→ **Your objective**: Below are records; extract exactly the lines from the one with "中国银河:中航光电(002179)-多项目并举,公司收入端获持续增长.pdf" through the final line, including both, but drop the pictures.

→ **Data for analysis**:
────

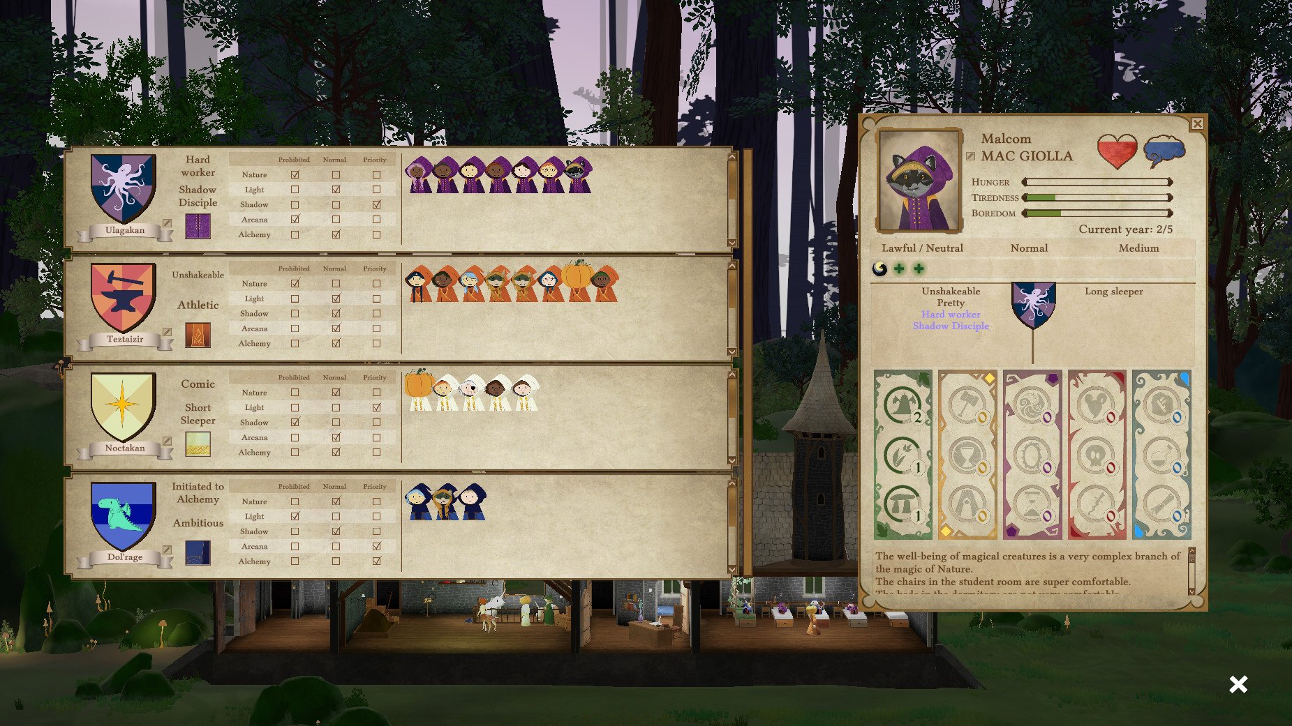 Manage your students’ well-being by constructing essential buildings such as refectories, dormitories, and rest areas, while even incorporating a dungeon to keep unruly behavior in check. Every student comes with unique traits, personalities, and backgrounds, and their performance may lead them to become necromancers, archmages, or even commoners—each outcome granting you different bonuses.
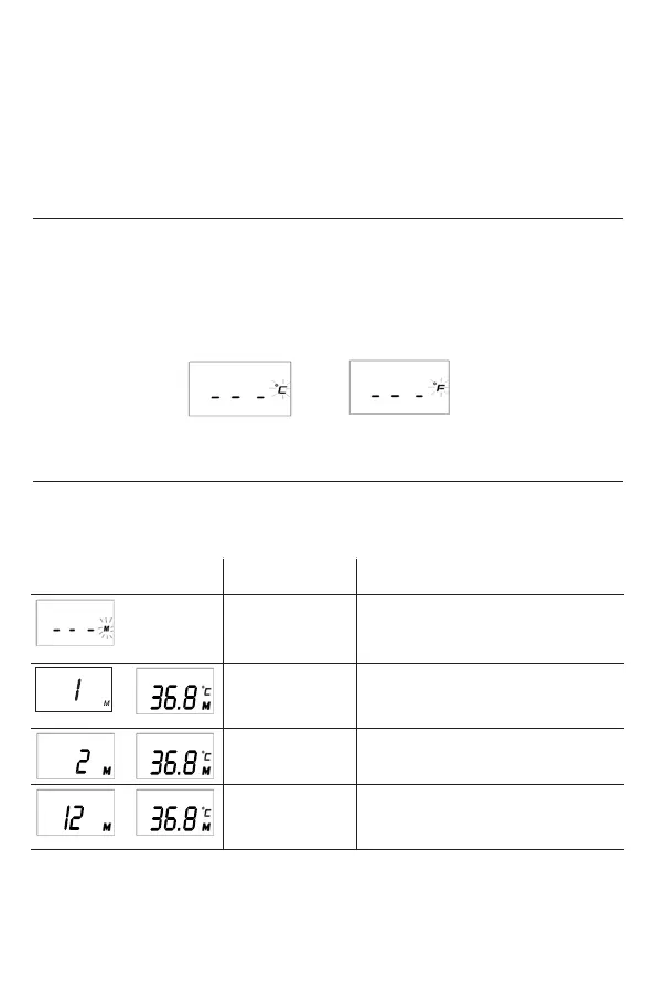 pasar de una escala a otra. Una vez escogida la escala, espere 5 segundos más hasta que el termómetro
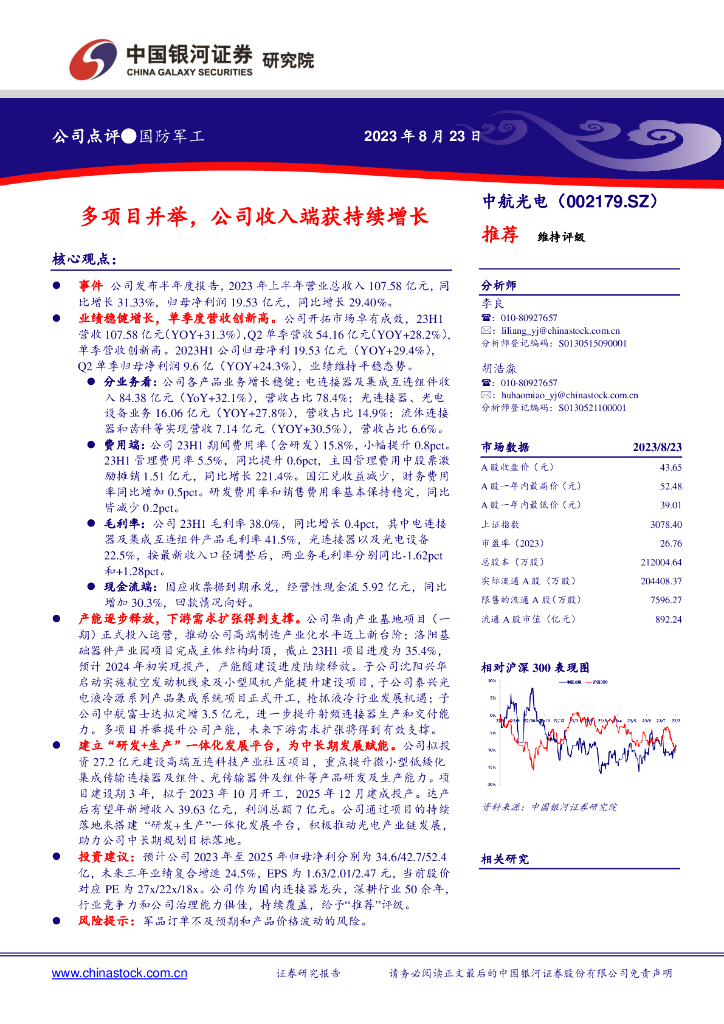 中国银河:中航光电(002179)-多项目并举,公司收入端获持续增长.pdf
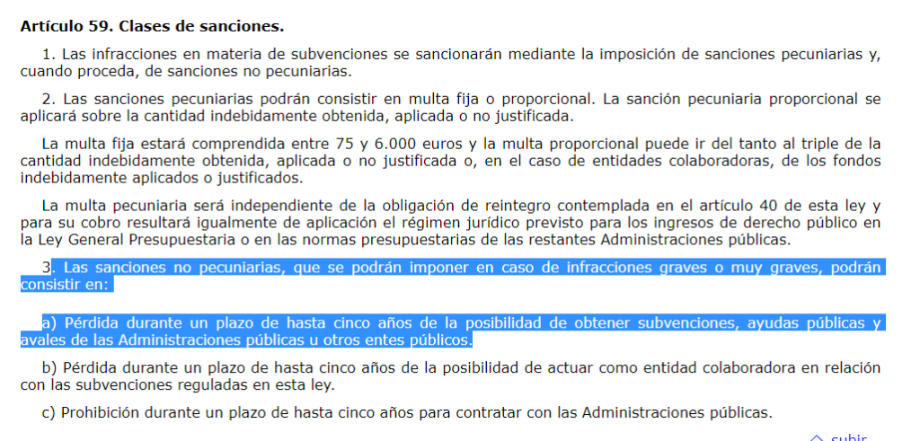La normativa de la Convocatoria de ayudas es clara, si no se cumplen los requisitos, se sanciona y se puede pedir el reintegro.
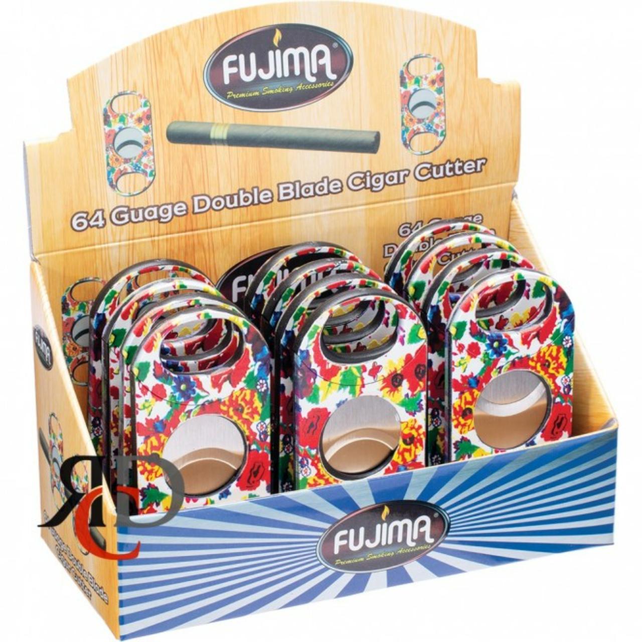 The Fujima Floral Design Double Blade Cigar Cutter (Item #CUT49) is a decorative and highly capable tool designed for larger cigars. This 12-count display stands out for its elegant aesthetic, making it a popular choice for gift sets and high-end retail displays.
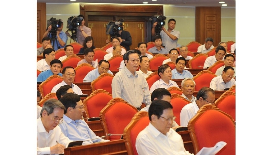 | Members of the Party Central Committee discuss a draft plan on reforming social insurance policy at the 4th working day of the committee’s 7th plenary session on May 10 - Photo: NDO |

────

→ **Solution to this problem**:
 中国银河:中航光电(002179)-多项目并举,公司收入端获持续增长.pdf
La normativa de la Convocatoria de ayudas es clara, si no se cumplen los requisitos, se sanciona y se puede pedir el reintegro.
 The Fujima Floral Design Double Blade Cigar Cutter (Item #CUT49) is a decorative and highly capable tool designed for larger cigars. This 12-count display stands out for its elegant aesthetic, making it a popular choice for gift sets and high-end retail displays.
 | Members of the Party Central Committee discuss a draft plan on reforming social insurance policy at the 4th working day of the committee’s 7th plenary session on May 10 - Photo: NDO |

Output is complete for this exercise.